• What to produce: Everything from the line containing "亭台楼阁刺绣新中式国风本命年新年红色盘扣马甲上衣女2025秋季款" through the final line of the entries must be repeated exactly, and only that, without pictures.

• Excerpted records:

Start of Block

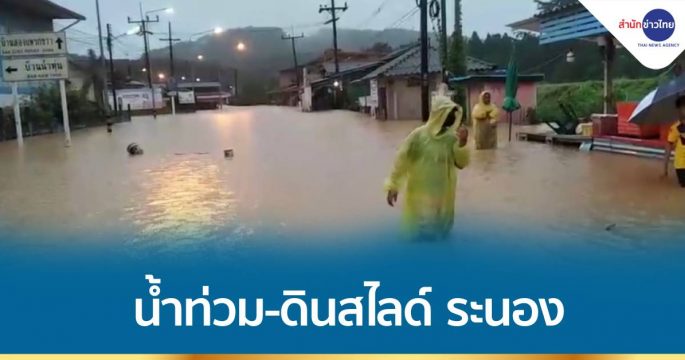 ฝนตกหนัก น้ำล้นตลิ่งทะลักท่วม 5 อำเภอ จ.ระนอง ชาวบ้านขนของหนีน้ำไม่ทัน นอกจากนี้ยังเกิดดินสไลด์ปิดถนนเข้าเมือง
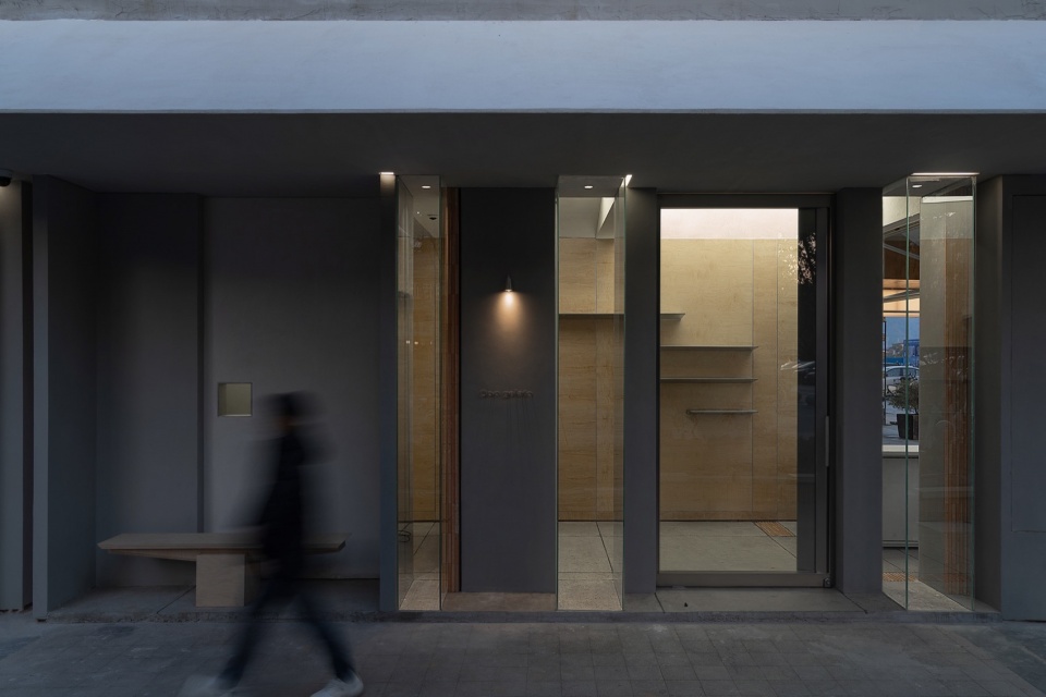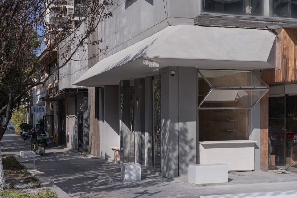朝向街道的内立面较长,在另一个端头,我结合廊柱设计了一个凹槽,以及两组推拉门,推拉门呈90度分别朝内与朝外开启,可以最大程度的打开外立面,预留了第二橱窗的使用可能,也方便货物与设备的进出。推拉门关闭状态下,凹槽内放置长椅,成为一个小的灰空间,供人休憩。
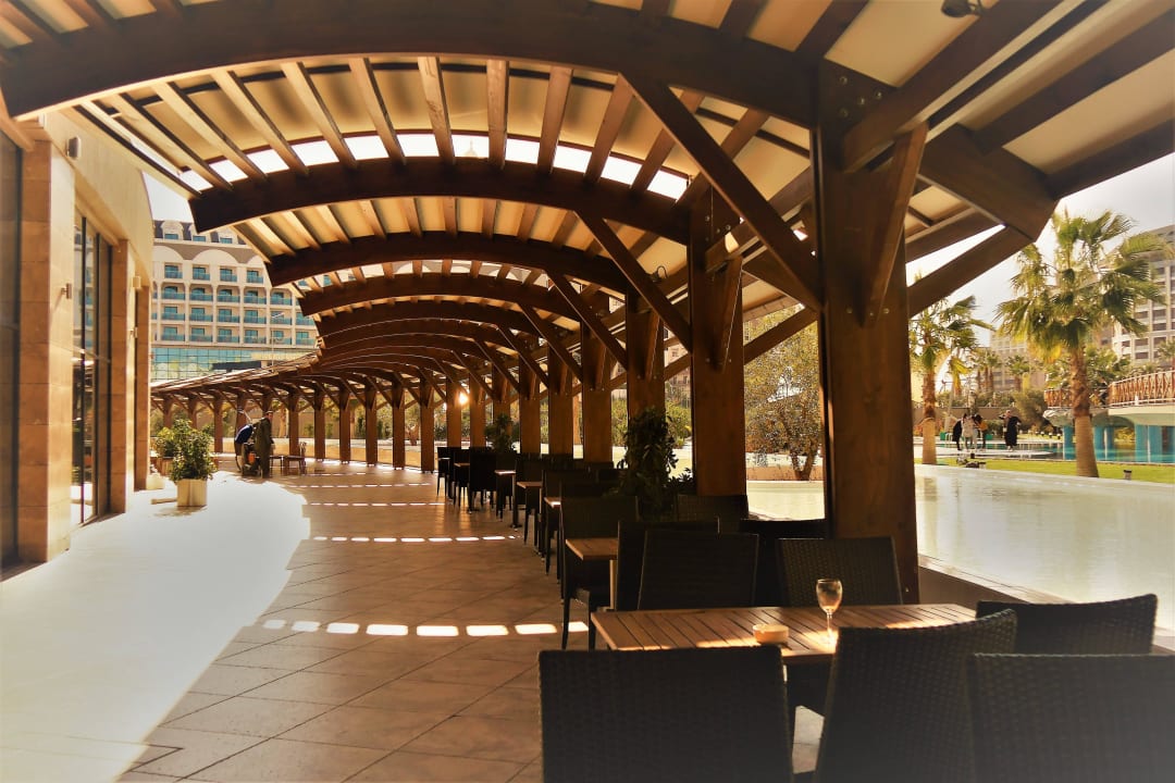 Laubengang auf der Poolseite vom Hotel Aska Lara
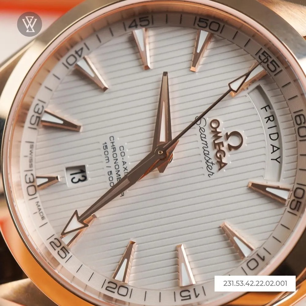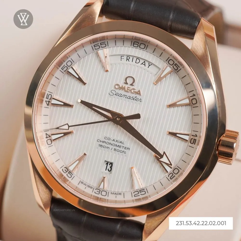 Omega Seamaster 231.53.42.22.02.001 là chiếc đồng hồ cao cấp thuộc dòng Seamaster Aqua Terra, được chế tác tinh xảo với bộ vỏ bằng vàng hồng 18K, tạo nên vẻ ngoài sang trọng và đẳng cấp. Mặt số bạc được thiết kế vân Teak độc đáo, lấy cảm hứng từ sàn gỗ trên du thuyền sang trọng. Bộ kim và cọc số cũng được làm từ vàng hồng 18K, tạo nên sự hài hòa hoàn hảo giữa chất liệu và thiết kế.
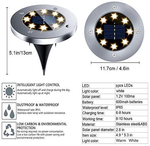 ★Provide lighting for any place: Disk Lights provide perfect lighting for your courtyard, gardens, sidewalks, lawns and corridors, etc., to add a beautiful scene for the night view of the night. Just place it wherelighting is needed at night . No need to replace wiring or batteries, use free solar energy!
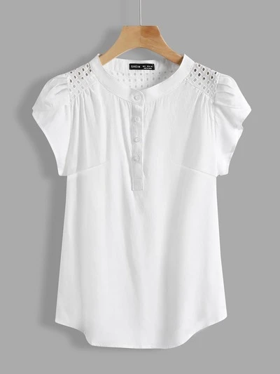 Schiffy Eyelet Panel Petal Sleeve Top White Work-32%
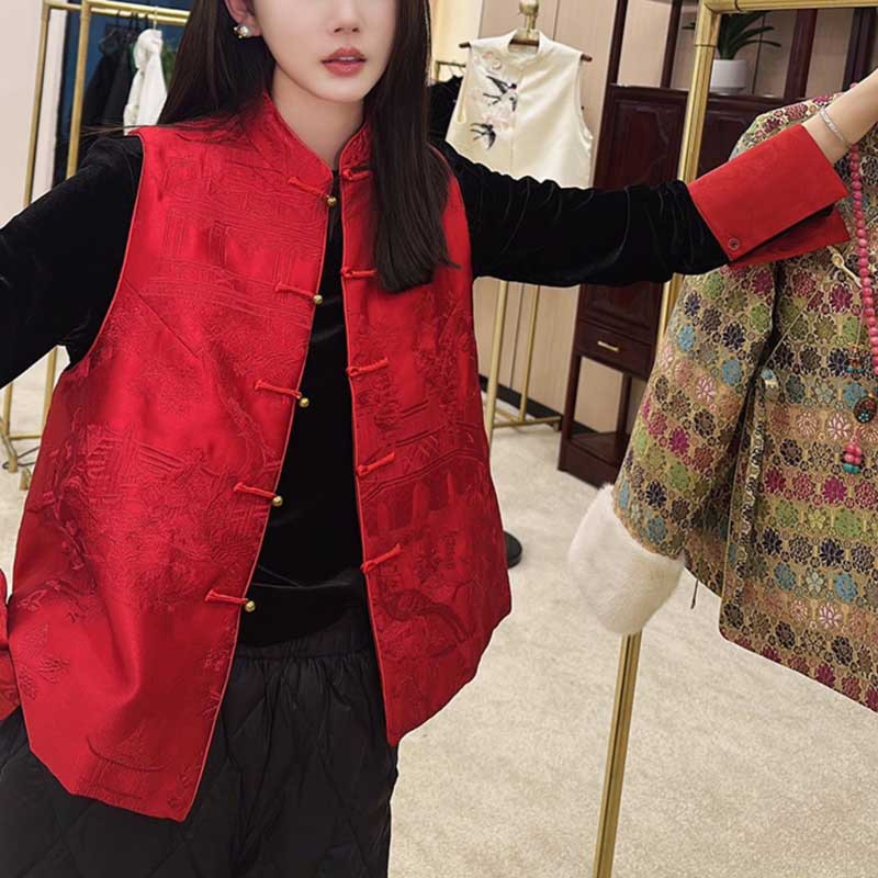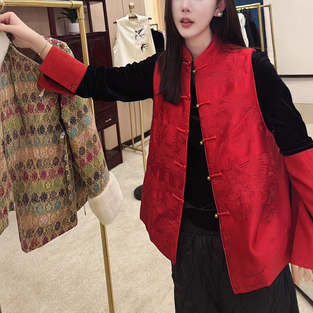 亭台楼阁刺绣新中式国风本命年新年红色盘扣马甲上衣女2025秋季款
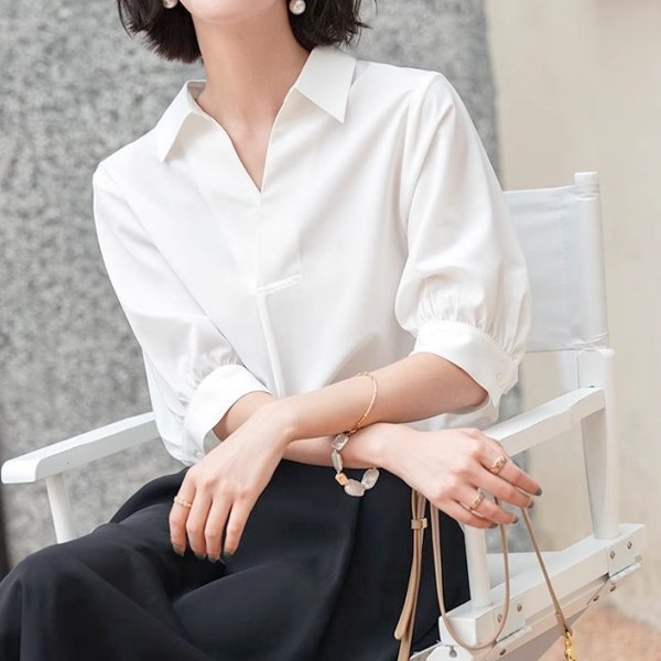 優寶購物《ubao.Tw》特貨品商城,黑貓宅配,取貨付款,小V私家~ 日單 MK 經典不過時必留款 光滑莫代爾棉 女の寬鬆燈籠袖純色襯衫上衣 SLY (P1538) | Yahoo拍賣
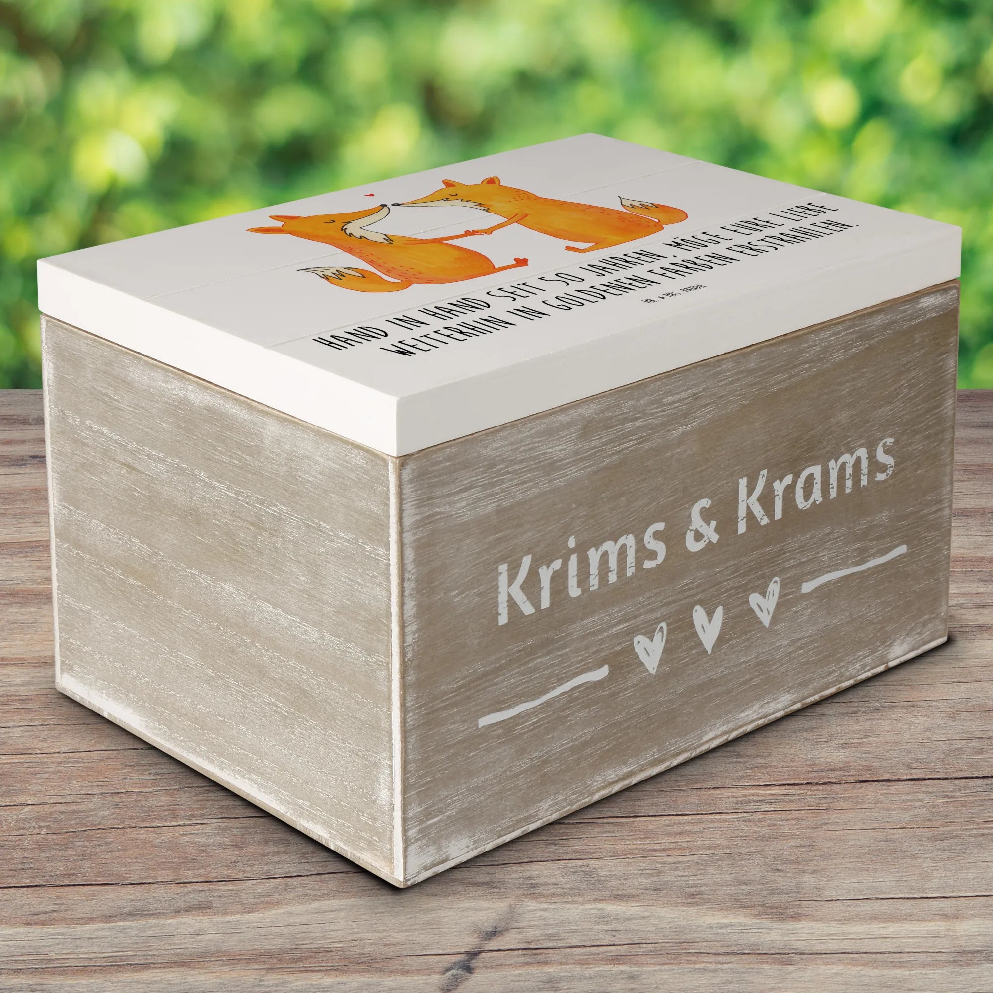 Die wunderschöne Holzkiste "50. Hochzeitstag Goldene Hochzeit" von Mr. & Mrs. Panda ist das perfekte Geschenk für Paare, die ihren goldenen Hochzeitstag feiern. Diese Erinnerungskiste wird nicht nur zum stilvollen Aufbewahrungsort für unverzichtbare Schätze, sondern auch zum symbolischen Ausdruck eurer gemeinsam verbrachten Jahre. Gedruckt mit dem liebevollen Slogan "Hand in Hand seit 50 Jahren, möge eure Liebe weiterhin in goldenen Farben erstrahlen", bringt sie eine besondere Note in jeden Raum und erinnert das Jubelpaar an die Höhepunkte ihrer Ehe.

End of Block

• Solved problem:
 亭台楼阁刺绣新中式国风本命年新年红色盘扣马甲上衣女2025秋季款
 優寶購物《ubao.Tw》特貨品商城,黑貓宅配,取貨付款,小V私家~ 日單 MK 經典不過時必留款 光滑莫代爾棉 女の寬鬆燈籠袖純色襯衫上衣 SLY (P1538) | Yahoo拍賣
 Die wunderschöne Holzkiste "50. Hochzeitstag Goldene Hochzeit" von Mr. & Mrs. Panda ist das perfekte Geschenk für Paare, die ihren goldenen Hochzeitstag feiern. Diese Erinnerungskiste wird nicht nur zum stilvollen Aufbewahrungsort für unverzichtbare Schätze, sondern auch zum symbolischen Ausdruck eurer gemeinsam verbrachten Jahre. Gedruckt mit dem liebevollen Slogan "Hand in Hand seit 50 Jahren, möge eure Liebe weiterhin in goldenen Farben erstrahlen", bringt sie eine besondere Note in jeden Raum und erinnert das Jubelpaar an die Höhepunkte ihrer Ehe.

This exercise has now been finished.